Saved entries
= = = =

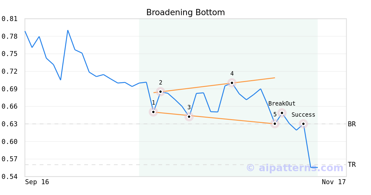 On November 04, 2025, A.I.dvisor detected a Broadening Bottom Pattern (Bearish) for CarParts.com (PRTS, $0.63). 1 day later, on November 05, 2025, A.I.dvisor confirmed the Bearish pattern, setting a target price of the stock. On November 10, 2025, the stock hit the target price of $0.56 – resulting in a gain for traders who shorted the stock on the pattern detection date.
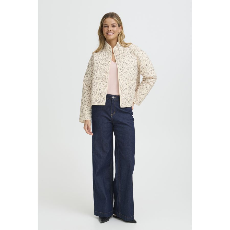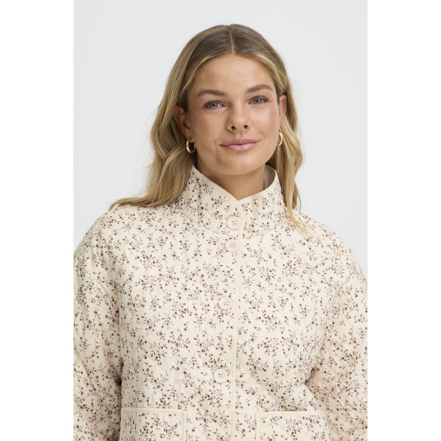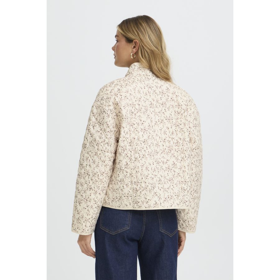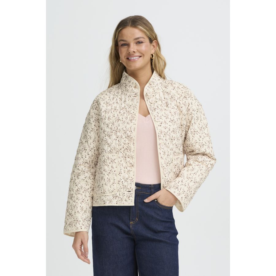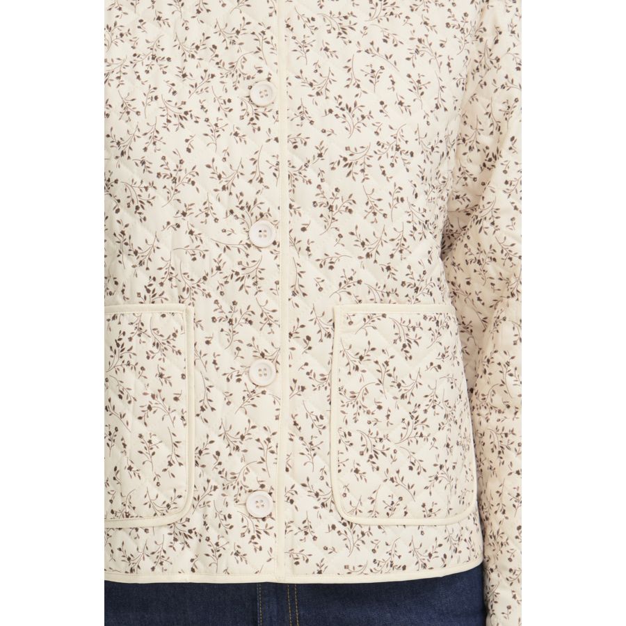 This women's quilted jacket features a relaxed, short fit and stand-up collar. Front button closure and large patch pockets offer practical style for versatile, everyday wear with comfort and modern appeal.
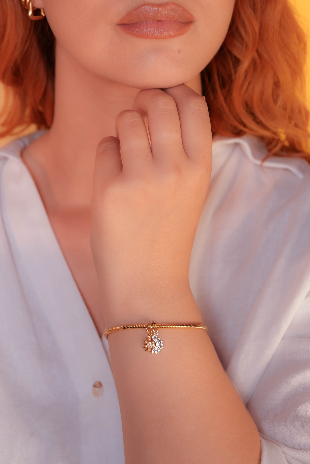 Feli a ales talismanul Soare & Lună (Splittable Sun & Moon Dangle Charm), un simbol cu o încărcătură profundă pentru ea.
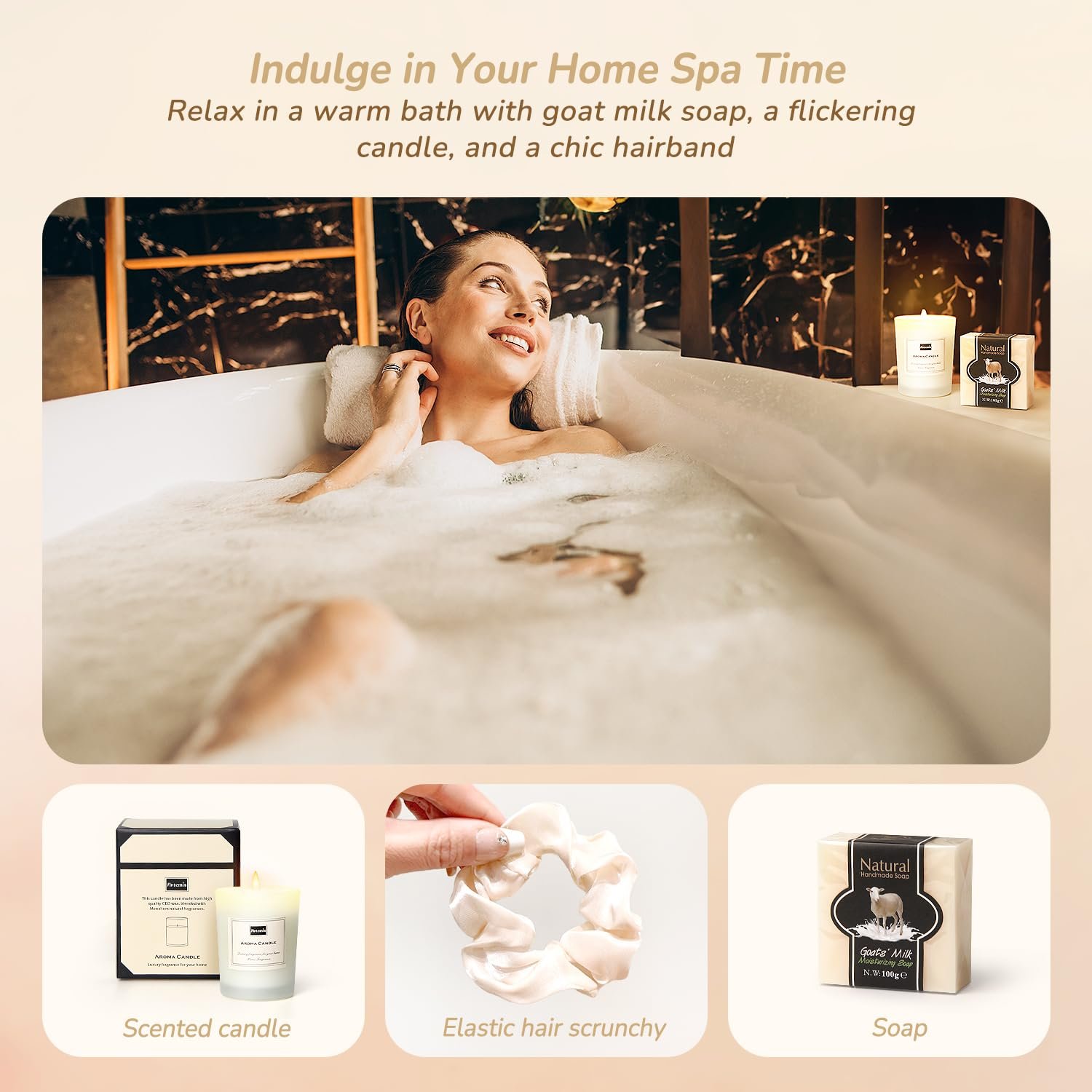 Self Care Gifts Set for Women: Help women unwind and relax with a calming bluebell scented candle, nourishing goat’s milk soap, and a soft elastic hair scrunchy. This comfort gift basket is designed to create a peaceful atmosphere and enhance a relaxing self care routine at home
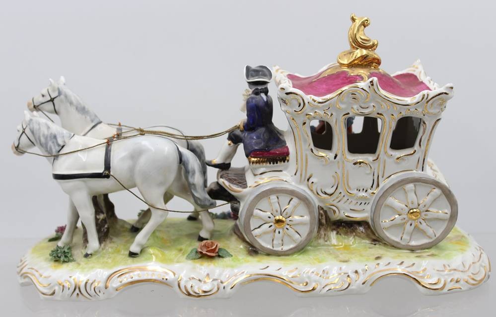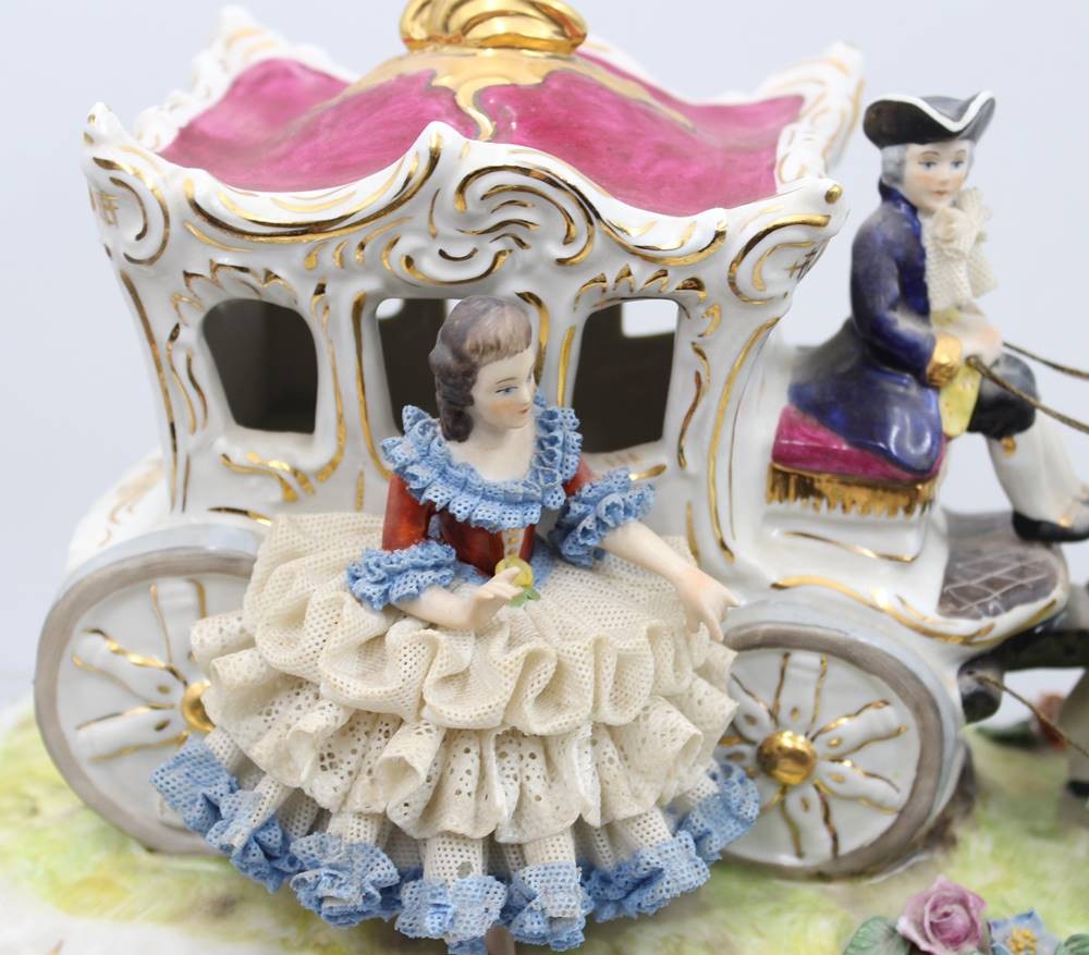 zweispännigen Kutsche im Rokoko-Stil. , Dresden, Spitzenkleid bestossen, ca. H-19cm L-35cm [1]

= = = =

**Problem to work on:** Each line from the one holding "This women's quilted" down to the end of the records is to be reproduced unaltered, and the pictures are to be omitted.

**Answer to this task:**
 This women's quilted jacket features a relaxed, short fit and stand-up collar. Front button closure and large patch pockets offer practical style for versatile, everyday wear with comfort and modern appeal.
 Feli a ales talismanul Soare & Lună (Splittable Sun & Moon Dangle Charm), un simbol cu o încărcătură profundă pentru ea.
 Self Care Gifts Set for Women: Help women unwind and relax with a calming bluebell scented candle, nourishing goat’s milk soap, and a soft elastic hair scrunchy. This comfort gift basket is designed to create a peaceful atmosphere and enhance a relaxing self care routine at home
 zweispännigen Kutsche im Rokoko-Stil. , Dresden, Spitzenkleid bestossen, ca. H-19cm L-35cm [1]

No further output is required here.